B. İstinaf Sebepleri
1.Davacı vekili istinaf dilekçesinde; davacının ... sözleşmesinin haksız nedenle feshedildiğini, harcıraha ilişkin kayıtların celbi hâlinde harcırah alacağı olduğunun ortaya çıkacağını, tavan yerine taban ücret ödemesinden kaynaklı müvekkilinin zararına ilişkin taleplerinin de ispatının, Kurum içerisinde müvekkili ile aynı pozisyonda çalışan işçilerin ücret bordroları temin edilerek emsal ücret araştırması yapılması sonucu mümkün olacağını, diğer ajanslardan gerekli bilgiler talep edildiği zaman ajans uzmanlarına yapılan maaş, yan ödemeler, lojman, sosyal haklar gibi faydaların müvekkilinin çalıştığı ajansta bulunmadığının kolayca belirlenebileceğini ve davalı işveren vekiline bu denli yüksek bir meblağda vekâlet ücretine hükmedilmesinin hakkaniyete uygun olmayıp son derece adaletsiz olduğunu belirterek İlk Derece Mahkemesi kararının kaldırılmasına karar verilmesini talep etmiştir.
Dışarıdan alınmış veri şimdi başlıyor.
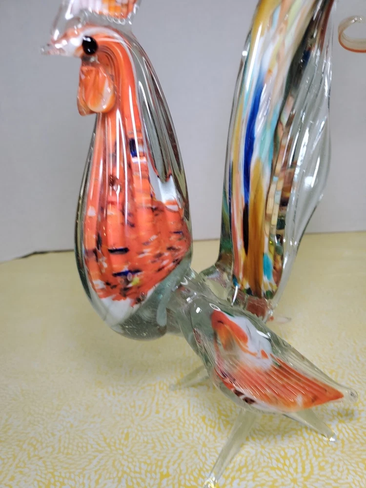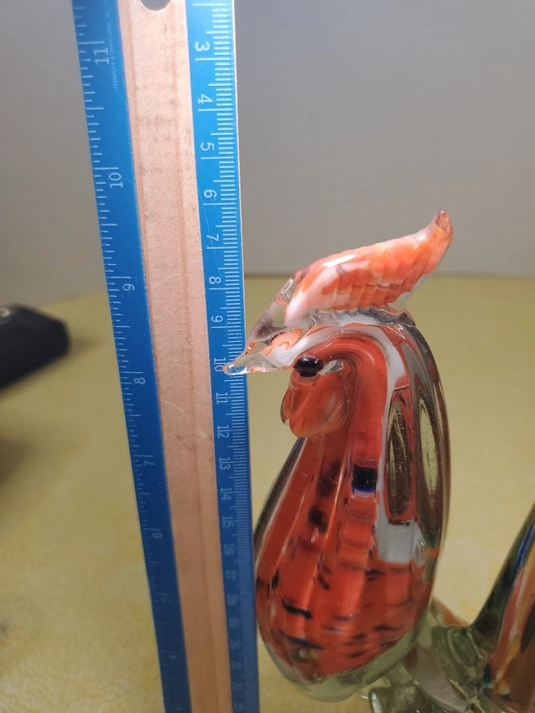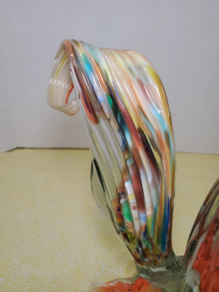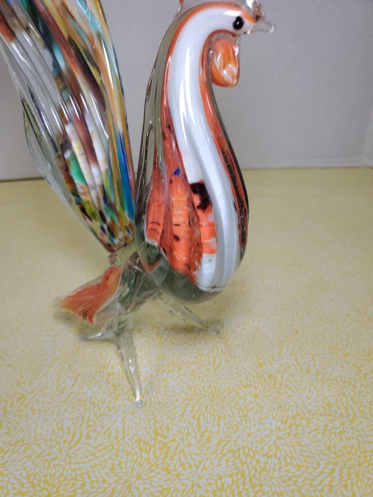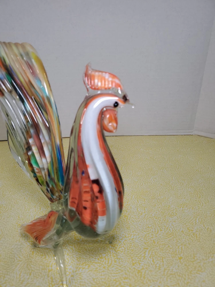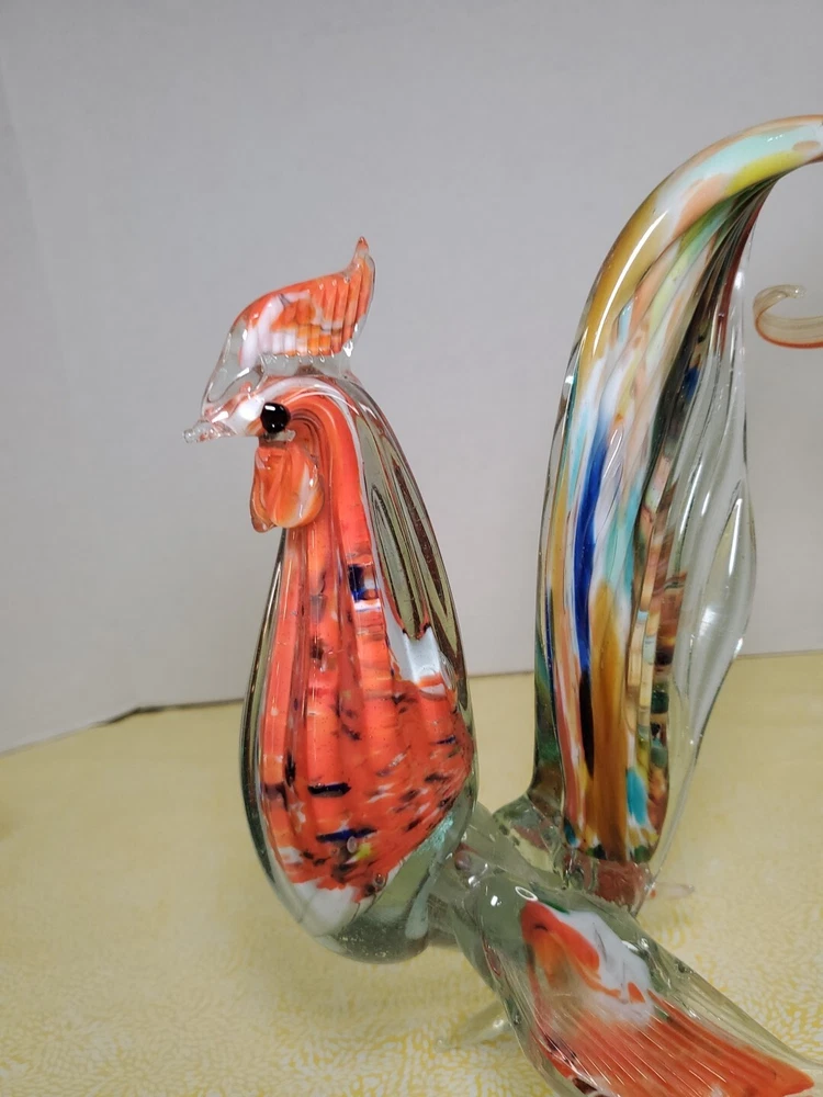 THANK YOU FOR VISITING OUR STORE. WE SHIP 6 DAYS A WEEK (UNLESS THERE IS A FEDERAL HOLIDAY). MOST ITEMS WILL SHIP IN A STURDY BOX AS NEEDED. PLEASE FEEL FREE TO REACH OUT IF YOU HAVE ANY QUESTIONS. WE WILL COMBINE SHIPPING WHEN AVAILABLE. This vintage Murano glass figurine depicts a rooster cockerel in all its glory. Handmade in Italy in the 1960s, this piece is a true work of art. The glass is blown in a swirl pattern, creating a unique and eye-catching design. The figurine is related to the Venetian art glass tradition, with influences from Rococo Baroque and Florentine Murano glass. The piece is perfect for collectors and lovers of vintage art glass. It does not require any additional parts and is ready to display. The colorful abstract design is sure to add a touch of elegance to any room. This Murano glass rooster cockerel figurine is a must-have for anyone who appreciates the beauty and artistry of handmade glass.
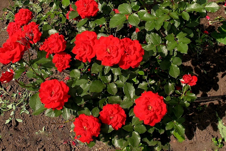 플로리분다 품종입니다. 토양이 건조하지 않아 혹독한 겨울도 잘 견딥니다. 병충해에 강합니다. 여름과 가을 내내 낮은 덤불에서 밝은 붉은색 꽃이 핍니다.

2. Davalı vekili istinaf dilekçesinde; davacı taraf tanık deliline dayanmadığından tanık beyanlarının hükme esas alınmasının usul ve kanuna aykırı olduğunu, davada davacı vekilince ikinci kez dava dilekçesi verildiğini, bu verilen dilekçeyi kabul etmediklerini, iddianın değiştirilmesi ve genişletilmesine izinleri olmadığını, davacının fazla çalışma ücretine hak kazanmadığını ve hak edip de kullanmadığı yıllık izin ücreti bulunmadığını belirterek İlk Derece Mahkemesi kararının kaldırılmasına ve davanın reddine karar verilmesini talep etmiştir.
C. Gerekçe ve Sonuç
Bölge Adliye Mahkemesinin yukarıda tarih ve sayısı belirtilen kararı ile;
"...
Davacının terör örgütüne üyelikten kesinleşmiş mahkumiyeti bulunduğu sabit olmakla, ... akdinin tazminatı gerektirmeyecek şekilde sonlandığı sonucuna varılmıştır.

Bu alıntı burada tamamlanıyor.